Color work again, where did it come from, where did it go? (David Renngli.)
David Maisel’s photo of a horse x-ray (I assume that’s what it was) stopped a lot of people in the walkway between booths. Everyone loved it. Ghost horse, perfect space around it, the thickness and toughness of horse plus the delicacy of knowing everything has bones.
The blue one is great composition, and I don’t understand why that top corner is kind of unfinished, but that’s why I’m not a painter, right? Not a hard-practicing painter, anyway, like David Scheibitz.

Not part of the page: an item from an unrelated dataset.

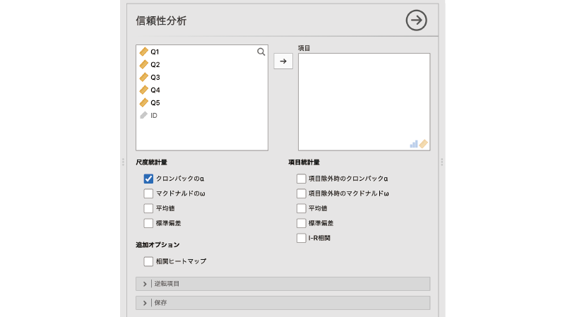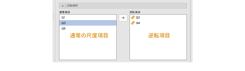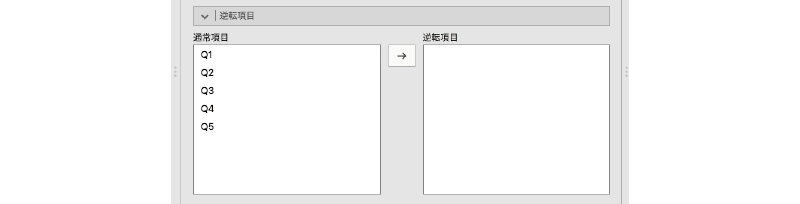 尺度を構成する質問の中に逆転項目が含まれている場合には,分析設定パネルの[逆転項目]の部分を展開し,それらを適切に設定する必要があります(図 10.7)。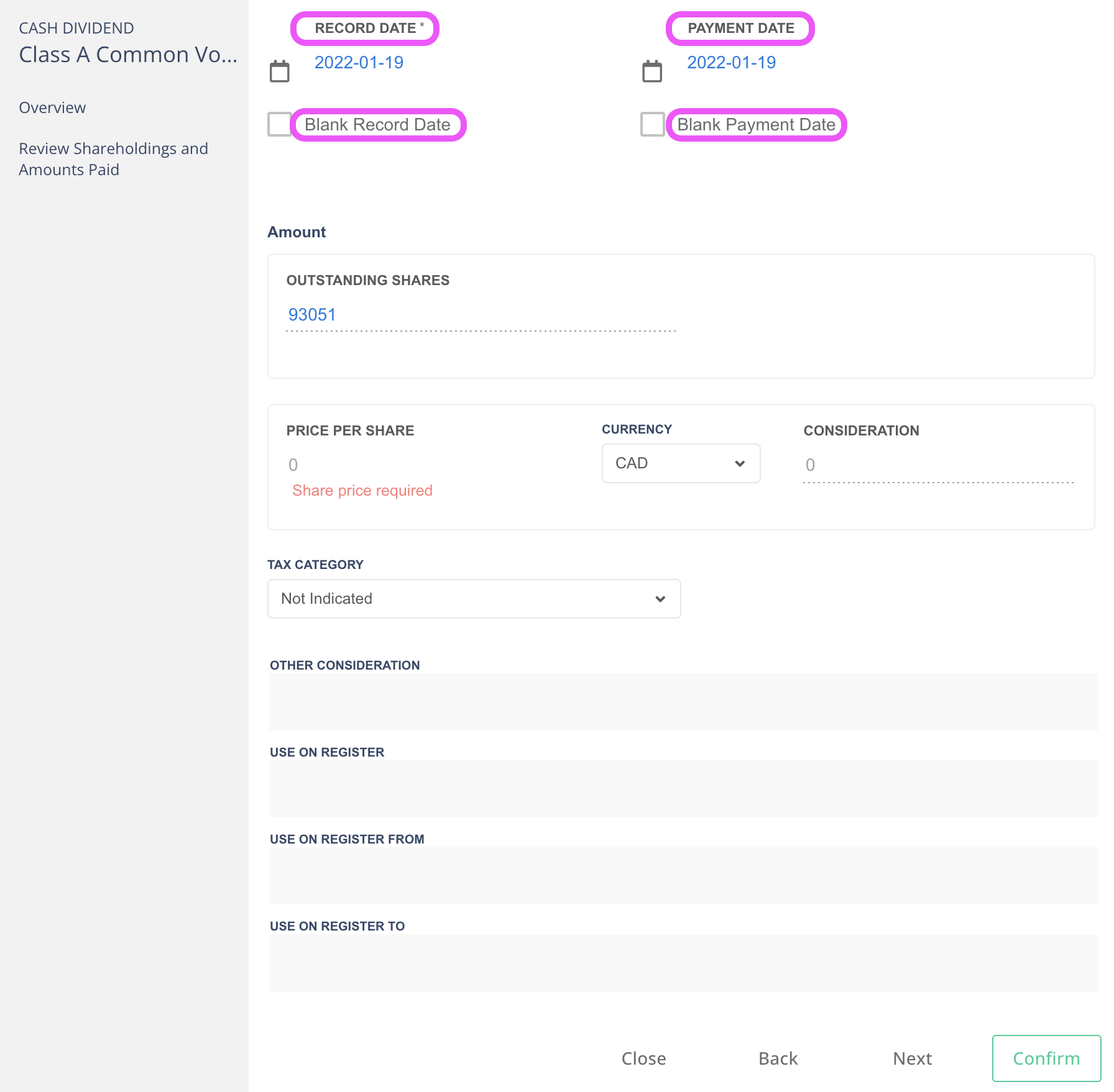 To better communicate what the date fields in a Cash Dividend transaction represent, we changed the Transaction Date to Record Date and Resolution date to Payment Date.

The last two are the fun, which was hidden back on the left side of Contemporary. A group of Chinese artists made this punch-wall that people had apparently punched to get prizes. I was there toward the end. The other part of their exhibit, which I inexplicably forgot to photograph, was a lot of plastic-bagged objects laid out on the floor. You could pay $20 and get three rings to play ring toss. Ring a toy, get a toy. I watched a white guy ring two toys, and choose what appeared to be a red rose made of fabric.
I’m feeling like a real chump for not playing. I really am.
Finally: someone built some obnoxious blue sort of playground equipment, and we could climb on it and use it. The piece I photographed was the fun one, the stand and spin. I stood with two others and we all squealed as the spinner was much faster, oilier, than expected. Whee!